L’intera Europa teme il collasso degli stati più fragili. Nessuna delle
democrazie occidentali sembra avere più le risorse necessarie per
reggere sui mercati finanziari. Ma da dove viene questo debito
incombente e inestinguibile? E davvero l’unica cosa che si può fare è
stringere la cinghia, obbedire ai diktat della finanza internazionale, e
pagare, pagare, pagare? Francesco Gesualdi ricostruisce anzitutto la
storia del fenomeno, mostrando come il debito non nasca da una serie di
sfortunate circostanze e di errori di pianificazione, ma da una precisa e
per lungo tempo condivisa strategia, orientata a contenere il conflitto
sociale e a rafforzare la posizione di rendita di un apparato bancario e
finanziario dall’appetito insaziabile. Alla lunga quella strategia ha
mostrato la corda, com’era prevedibile e previsto. A quel punto le forze
della inanza globale l’hanno denunciata come la disinvolta iniziativa
di governi inclini allo sperpero. E soprattutto l’hanno duramente
sanzionata, imponendo il ricorso a misure di austerity destinate a
impoverire ulteriormente larghi strati della popolazione. Se le cose
stanno così, che senso ha chiedere alla gente di onorare questo debito?

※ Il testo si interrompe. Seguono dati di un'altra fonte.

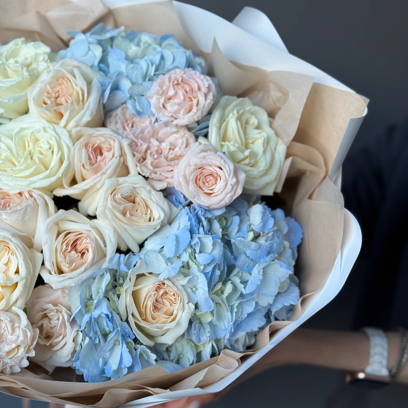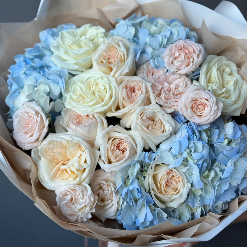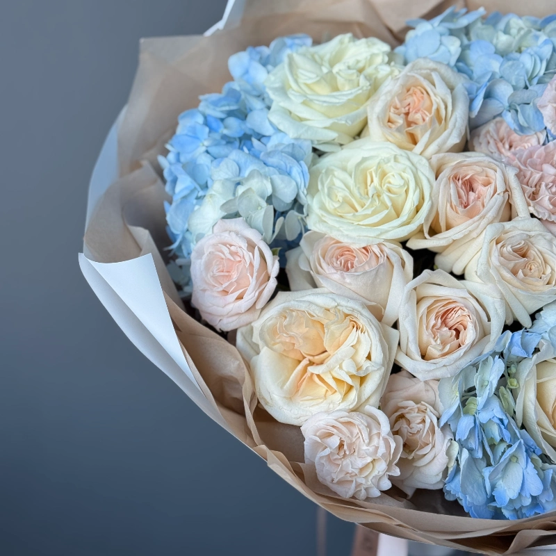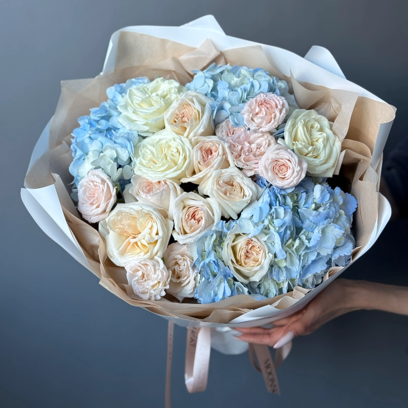 Нежный букет в пастельной гамме: кремовые и нежно-розовые кустовые розы гармонично сочетаются с пышными соцветиями голубой гортензии. Лёгкая упаковка в бежево-белых тонах подчёркивает утончённость композиции. Идеальный выбор для романтичного подарка или украшения торжественного события

Non si tratta di un ricatto che il più forte impone al più debole, dopo
averlo costretto a indebitarsi in nome delle proprie ragioni e dei
propri interessi? Non sarebbe più giusto e anche più praticabile
costruire concrete e circostanziate strategie politiche anziché
puramente finanziarie? Non sarebbe ora di ristrutturare, anziché onorare
ciecamente, il debito degli stati sovrani?